In various countries of the world, various cancers have always been one of the main causes of human death. In addition to surgical removal of lesions, radiation therapy is also an important method for treating cancer.

Early radiotherapy mostly used photon knives (X-rays, gamma rays) to illuminate cancer cells, but in addition to harming cancer cells, photon knives can easily damage normal cells next to cancer cells, thus directing radioactive materials. Targeted treatment of specific targets was proposed, one of which was Boron Neutron Capture Therapy (BNCT).

Boron is a metalloid and the chemical symbol is represented by B. It is currently known that there are nine isotopes of boron, of which boron 10 ( ¹⁰ B) and boron 11 ( ¹¹ B) are stable. Boron 10 absorbs thermal neutrons and forms boron 11 transiently, and then alpha decays and releases alpha particles or gamma rays. Therefore, the reactant containing boron 10 is first attached to the target cancer cells and then irradiated with thermal neutrons. The reactants produce alpha particles or gamma rays and cause damage to cancer cells.

At present, the neutron source commonly used in the boron capture neutron method is divided into two types, one is to make a thermal neutron in a nuclear fission reactor or a proton generated by a reaction furnace to hit a target to generate thermal neutrons. The neutron beam generated by this method The flow rate is high and the effect is good, but it is very expensive, and the nuclear waste generated by nuclear fission is still difficult to solve until now; the other is that the synchrotron generates protons and the protons hit the special target to emit thermal neutrons. This method will not have nuclear waste. The problem, but the resulting neutron beam flow is not as good as the neutron beam produced by the nuclear splitting reactor.

In summary, when the neutron treatment, the neutron beam does not directly act on the target cancer cells, but scatters into the human body without direction. In addition to the limited effect, these neutron beams scattered into the human body will also be on the human body. This causes extra damage, so the present invention considers that there is a need for improvement in existing radiotherapy methods.

In order to enhance the effect of treating biological tissues with proton beams, the present invention proposes a new method.
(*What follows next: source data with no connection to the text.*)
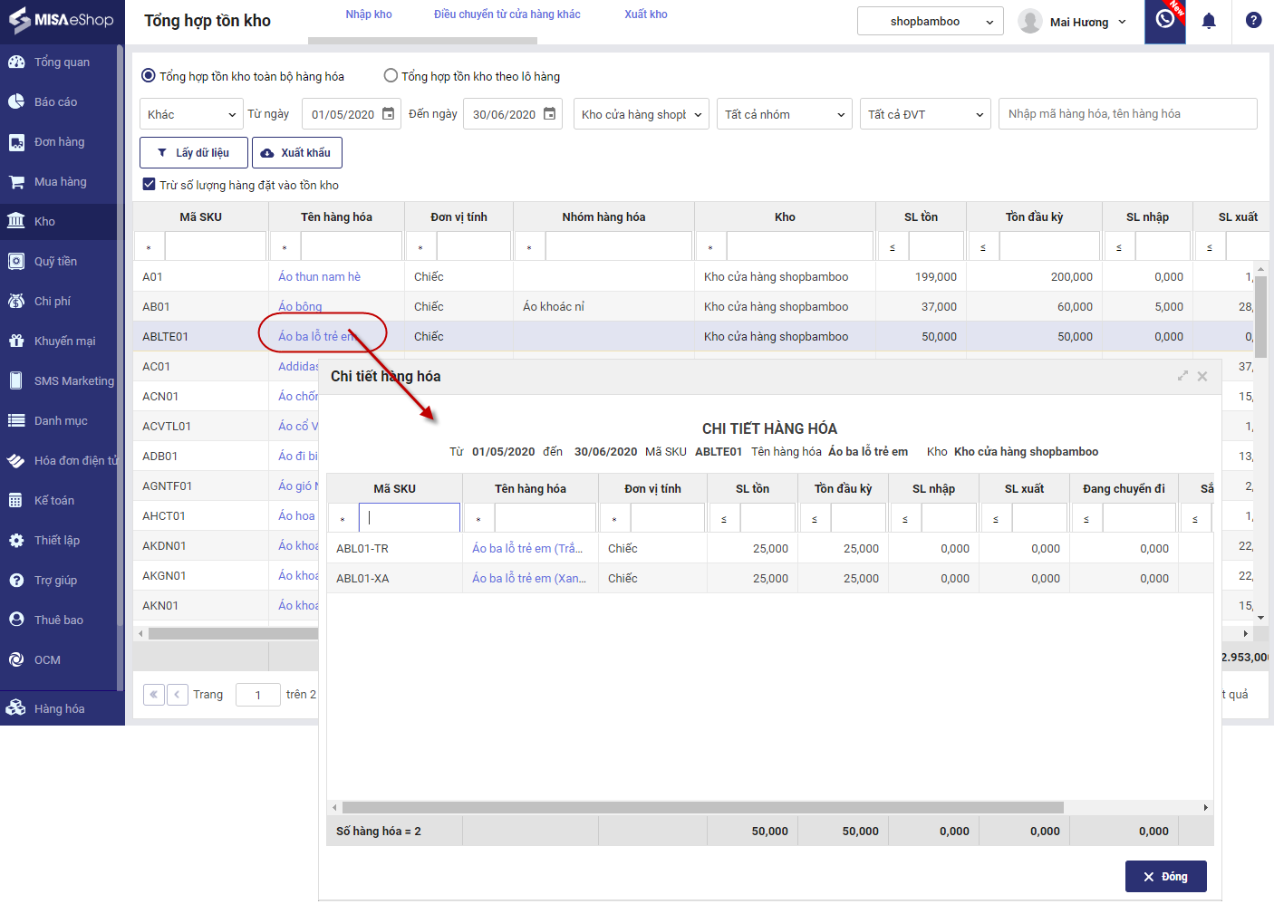 4. Nhấn vào hàng hóa để xem tình hình nhập, xuất, tồn từng mặt hàng chi tiết.
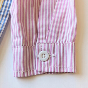 SHEIN Young girls size 5/6Y (120) Multicolor, (Pink/Blue/Yellow) Striped Color Block Elegant Collared, Long Sleeve shirt for back to school.
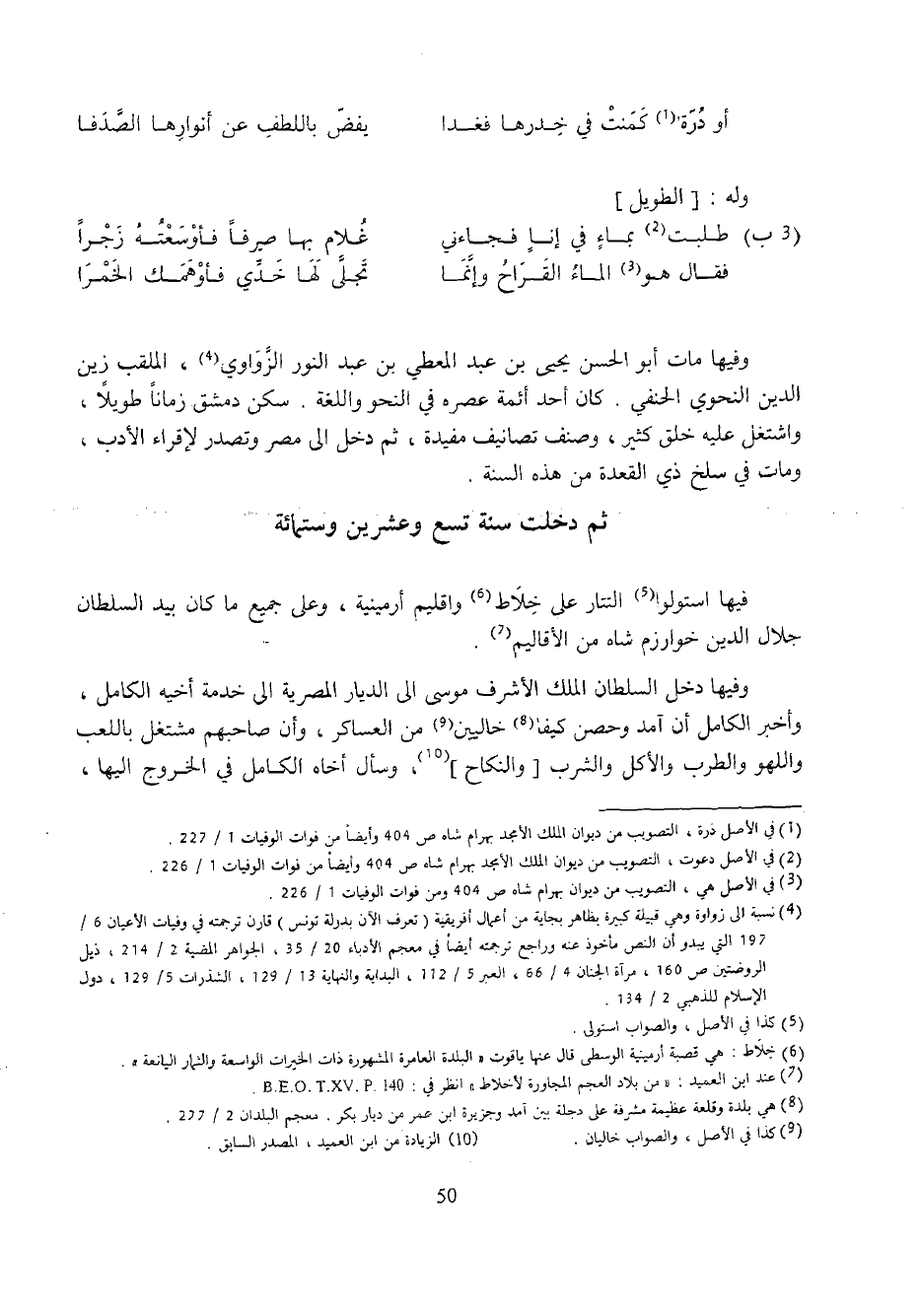 وفيها مات أبو الحسن يحيى بن عبد المعطي بن عبد النور الزّواوي (¬4)، الملقب زين الدين النحوي الحنفي. كان أحد أئمة عصره في النحو واللغة. سكن دمشق زمانا طويلا، واشتغل عليه خلق كثير، وصنف تصانيف مفيدة، ثم دخل الى مصر وتصدر لإقراء الأدب، ومات في سلخ ذي القعدة من هذه السنة.

In order to achieve the above object, the present invention provides a method for treating biological tissue using a proton beam, comprising the steps of: irradiating a proton beam with a biological tissue comprising a reactant, wherein the reactant comprises a first composite and a a second complex; the first complex reacts with more than one proton in the proton beam to release more than one neutron in the biological tissue; the second complex reacts with the neutron and is released in the biological tissue More than one alpha particle or one gamma ray is produced, and the alpha particle or the gamma ray acts on the biological tissue.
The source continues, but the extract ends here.